The cuboid consists of 6 rectangular faces which form a convex polyhedron. The opposite rectangular plane surfaces are equal. It has 8 vertices and 12 edges.

A cuboid consists of 6 rectangular plane surfaces. There are 8 vertices and 12 edges. All the faces of a cuboid are equal and square. Therefore, a cube has all the six faces equal, whereas a cuboid has the opposite faces equal.

#### Properties of a Cuboid

Volume: The volume of a cuboid is lwh, where l is the length, h is the height, and w is the width.

Lateral Surface Area: The lateral surface area of a cuboid is 2lh + 2wh, where l is the length, w is the width, and h is the height.

Surface Area: The surface area of a cuboid is 2lw + 2lh + 2wh, where l is the length, w is the width and h is the height.

### Cylinder

The cylinder is one of the basic 3d shapes that stands on a circular plane surface consisting of circular plane surfaces on its top and bottom. A cylinder has two circular plane surfaces. One surface presents at its base and the other one presents at its top. Also, it has a curved surface in the middle. Two edges at which the two plane surfaces meet with the curved surface present on a cylinder. The edges are curved in a shape.
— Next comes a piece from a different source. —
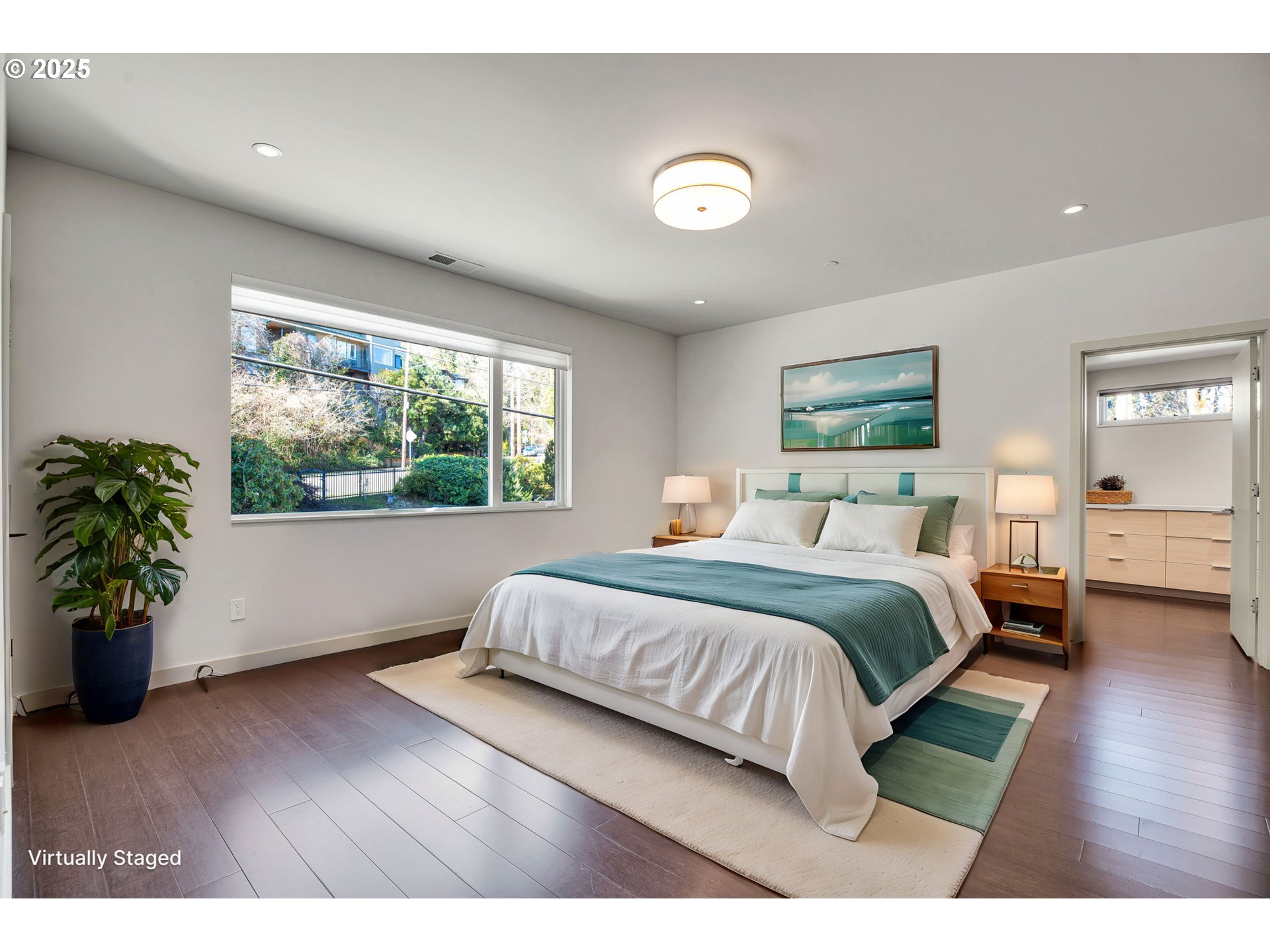 Experience the pinnacle of luxury living in this modern masterpiece nestled in the historic Willamette Heights neighborhood. Built in 2015, this stunning home offers a harmonious blend of contemporary design, comfort, and natural beauty. Interior Features: Open-Concept Living Area: Towering windows frame serene views of the surrounding green space, complemented by vaulted ceilings and a cozy gas fireplace. Gourmet Kitchen: Equipped with quartz countertops, stainless steel appliances, a pot filler, instant hot water, and custom cabinetry, this kitchen is both functional and stylish. Primary Suite: A spa-like retreat featuring a lavish shower, heated floors, and a spacious soaking tub. Additional Suites: Two more spacious bedroom suites provide comfort and privacy. Extra Spaces: Includes a separate gym space and a pre-installed area for a future elevator shaft, enhancing accessibility. Exterior Features: Composite Decks: Multiple decks offer perfect venues for year-round entertaining and relaxation. Low Maintenance: Features like a metal roof, tankless water heater, and LED lighting throughout ensure ease of upkeep. Oversized Garage: Includes electric car charging capabilities, catering to modern needs. Location Highlights: Situated just minutes from some of Portland's finest restaurants and Providence Park, this home offers both tranquility and convenience. The Willamette Heights neighborhood is renowned for its historic charm and lush surroundings, providing a serene backdrop for this contemporary residence.

A cylinder has 2 plane surfaces and 1 curved surface. There are 2 edges and no vertices. Furthermore, the top and bottom of the cylinder are of the same shape as well as in size. They both are equal.

### Cone

A cone is a distinctive three-dimensional geometric figure that has one plane circular surface. It consists of a base and only one curved surface. There are 1 edge and 1 vertex present in the cone. The edge of the cone is a curved edge. It is formed by the circular plane surface meeting with the curved surface.

### Sphere

A sphere is a geometrical figure that has a ball-like shape. There is only one curve surface present in the sphere and no edge and no vertex present in it.